Speaking of music players, used foobar for a while but I've moved over to AIMP since some time back now.

Has build in tag editor, file converter(Which is awesome) and very customizable. If you still manage all your audio files I'd recommend giving it a go.






						AIMP
					

AIMP : Free Audio Player : Официальный сайт программы




					www.aimp.ru


----------



## ManicTherapsid (Jan 9, 2021)

I still use an early 2000's version of WinAmp.


----------



## SnowBorne (Jan 20, 2021)

Aida64
crystaldiskinfo
Cinema 4d
Adobe after effects 
Adobe photoshop
uTorrent
gimp
wireshark
openoffice
bluestacks
steam
Kerkythea
mine imator
speccy 
ifunbox
3utools
teamviewer
paint.net
vlc media player 
imageglass
winrar
cdburnerxp
ultravnc
resolve
flexhex
hypercam 2
gyazo
cpu z
firealpaca
kaspersky vpn
krita
audacity
krita


----------



## Zhalo (Jan 29, 2021)

Telegram is pretty good if you haven't tried it! 

if you have an android Telegram X is a fork of the regular Telegram client that I think is a bit better.

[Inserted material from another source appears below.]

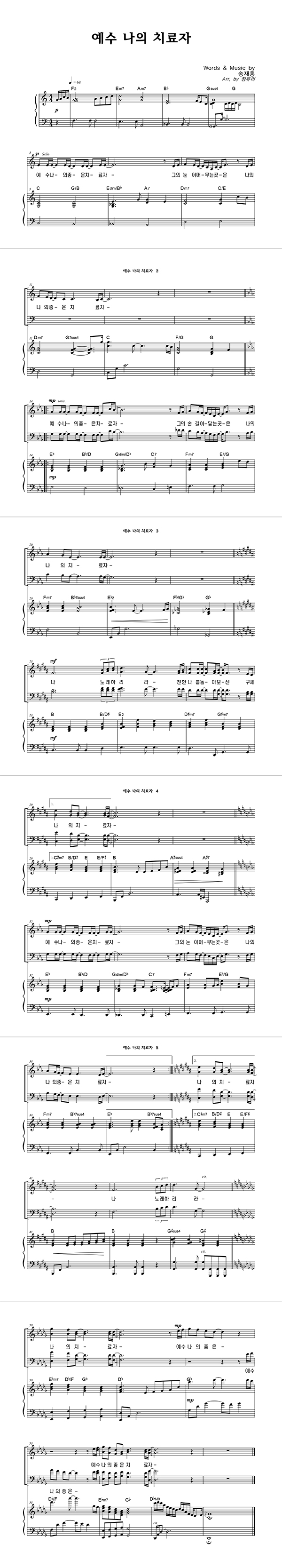 '예수 나의 치료자' 의 다른 악보형식

It may be on iOS too, but not sure.


----------



## .Antho (Jan 29, 2021)

For all my Linux peeps, Legendary is a new free and open source launcher for your Epic Game Store games made for Linux, with plans to add features like a automatic freebie grabber and such. Supports the use of Proton on your EGS games, too, so compatibility may be quite a bit better than trying to use Lutris.


----------



## Couratiel (Jan 29, 2021)

GIMP, a free program that bears resemblance to Photoshop. It's possible to animate with it and it's easy to download or make custom brushes. 

FireAlpaca is also another free art program (I think it's still around and free anyway)


----------



## .Antho (Jan 29, 2021)

Actually, I've got a few more.

Lutris, as I mentioned before, is a program for Linux that allows you to congregate all of your games from all your libraries in one place, even down to providing cores for emulation. It also allows you to easily install games with it's hive-mind community run install base, ensuring the best configurations are the ones you're using.

Izabela is a great little piece of software that allows you to use virtual audio cables to use a text-to-speech system in games and other communicative applications. This is great for goofing around or use by people who have problems speaking due to disabilities. It also allows you to do things like, say, delay the message and press hold a key before playing the message in case a particular program utilizes press-to-talk. It's a awesome piece of software, highly recommended.


----------